Key custody is the named concept that matters here: the security outcome depends less on encryption as a technique than on who can exercise it. If service accounts, pipelines, or administrative roles can reach the keys, the data remains effectively exposed even when it is encrypted. That makes tokenization and encryption decisions inseparable from lifecycle reviews and privileged access management.


For practitioners

  • Map reversal paths before choosing a control Identify every identity, service, and application that can detokenize or decrypt sensitive data, then classify those paths as privileged access. Include backup, admin, and break-glass routes so scope and audit assumptions are based on real access, not design intent.
  • Separate token vault access from routine application access Restrict token vault administration to a small privileged set and isolate detokenization workflows from standard application roles. Use strong segregation between application runtime identities and the identities that can restore original values.
  • Treat cryptographic keys as governed secrets Apply secret lifecycle controls to encryption keys, including ownership, rotation, storage, and emergency access. Where keys are used by service accounts or automation, review those identities as part of privileged access governance.
  • Use tokenization to reduce downstream exposure Prefer tokenization where downstream systems do not need the original value and can operate on a surrogate instead. That reduces the number of systems that must be trusted with sensitive data and can simplify compliance scoping.

Key takeaways

  • Tokenization and encryption solve different problems, so teams should choose based on workflow, reversibility, and scope rather than treating them as interchangeable controls.
  • The real governance boundary is the identity that can reverse protection, because detokenization and decryption paths often carry the actual privilege.
  • Security teams that do not govern keys, vaults, and service accounts will overestimate the protection provided by both tokenization and encryption.

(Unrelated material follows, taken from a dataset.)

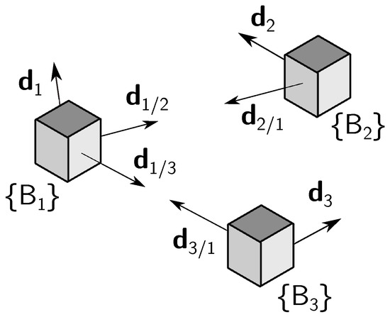 In the formation, the main constraint is that two of the vehicles, called the deputies, cannot measure LOS vectors between them. Meaning, for example, that these two vehicles are too far from each other. Furthermore, each vehicle can measure one inertial vector independently. The vehicle that measures LOS to the other two is identified as vehicle 1 and is denominated as chief, whereas the deputies are identified as vehicles 2 and 3. The subgroup with the chief and a deputy is called a branch of the formation, hence there are two branches in this case. The branch 1–2 includes the chief and vehicle 2, whereas branch 1–3 includes the chief and vehicle 3. The geometry of the framework is represented in Figure 1.

Standards & Framework Alignment

This section maps relevant standards and security frameworks to the operational risks and controls described in this guidance.

OWASP Non-Human Identity Top 10 address the attack surface, NIST CSF 2.0 set the technical controls, and PCI DSS v4.0 define the regulatory obligations.

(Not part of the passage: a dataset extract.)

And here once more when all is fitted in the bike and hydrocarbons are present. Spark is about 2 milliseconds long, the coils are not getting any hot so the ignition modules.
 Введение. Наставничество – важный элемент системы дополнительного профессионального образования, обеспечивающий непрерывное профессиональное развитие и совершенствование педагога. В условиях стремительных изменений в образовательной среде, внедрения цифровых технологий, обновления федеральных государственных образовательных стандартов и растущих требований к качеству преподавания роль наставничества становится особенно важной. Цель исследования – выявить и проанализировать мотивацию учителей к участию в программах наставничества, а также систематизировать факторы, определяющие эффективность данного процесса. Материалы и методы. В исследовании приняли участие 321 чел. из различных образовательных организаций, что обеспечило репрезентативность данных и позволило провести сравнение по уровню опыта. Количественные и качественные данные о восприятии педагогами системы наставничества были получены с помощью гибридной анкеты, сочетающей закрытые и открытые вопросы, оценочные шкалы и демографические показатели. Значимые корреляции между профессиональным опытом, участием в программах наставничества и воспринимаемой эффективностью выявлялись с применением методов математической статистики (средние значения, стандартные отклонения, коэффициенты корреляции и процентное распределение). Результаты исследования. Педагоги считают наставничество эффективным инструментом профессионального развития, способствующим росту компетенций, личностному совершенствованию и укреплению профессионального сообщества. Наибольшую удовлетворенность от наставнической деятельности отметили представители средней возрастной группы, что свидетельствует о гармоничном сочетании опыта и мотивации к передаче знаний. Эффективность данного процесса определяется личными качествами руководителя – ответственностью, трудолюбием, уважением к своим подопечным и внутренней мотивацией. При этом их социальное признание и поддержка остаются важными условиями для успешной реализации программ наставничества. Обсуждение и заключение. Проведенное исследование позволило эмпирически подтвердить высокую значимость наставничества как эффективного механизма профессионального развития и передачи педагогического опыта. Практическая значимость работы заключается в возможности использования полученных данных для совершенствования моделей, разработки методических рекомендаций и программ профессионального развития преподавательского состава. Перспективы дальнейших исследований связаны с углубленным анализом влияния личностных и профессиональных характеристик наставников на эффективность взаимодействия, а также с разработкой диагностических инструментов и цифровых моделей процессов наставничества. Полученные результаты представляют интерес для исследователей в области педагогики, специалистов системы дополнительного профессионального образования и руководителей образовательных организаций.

FrameworkControl / ReferenceRelevance
NIST CSF 2.0PR.AC-4Access control scope depends on who can reverse tokenization or encryption.
OWASP Non-Human Identity Top 10NHI-03Secret and key lifecycle management governs the identities that protect sensitive data.
PCI DSS v4.03.5Cardholder data protection depends on whether tokenization removes direct exposure.

Use tokenization and key governance together to reduce PCI scope without assuming elimination.


Key terms

  • Tokenization: Tokenization replaces a sensitive value with a surrogate token that has no usable meaning outside the system that created it. The original value is stored elsewhere, so security depends on protecting the mapping service, token vault, and any detokenization workflow that can restore the protected data.
  • Encryption: Encryption converts readable data into ciphertext so it cannot be understood without the correct key. In identity and governance terms, the important question is not only whether the data is encrypted, but which identities, services, and administrators can access the keys or decryption endpoint.
  • Detokenization: Detokenization is the process of converting a token back into the original sensitive value. It is a privileged workflow, not a background convenience, because every system that can reverse the tokenization boundary becomes part of the trusted access path and should be governed accordingly.
  • Key Custody: Key custody is the ownership and control of cryptographic keys across their lifecycle, including storage, rotation, emergency use, and retirement. Poor custody turns encryption into a weak barrier because any identity with key access can recover data that should have remained protected.

Deepen your knowledge

Tokenization vs. encryption and the privileged access paths around both are covered in our NHI Foundation Level course, the industry's only accredited NHI security programme. If you are defining data protection controls for service accounts, APIs, or application workflows, it is worth exploring.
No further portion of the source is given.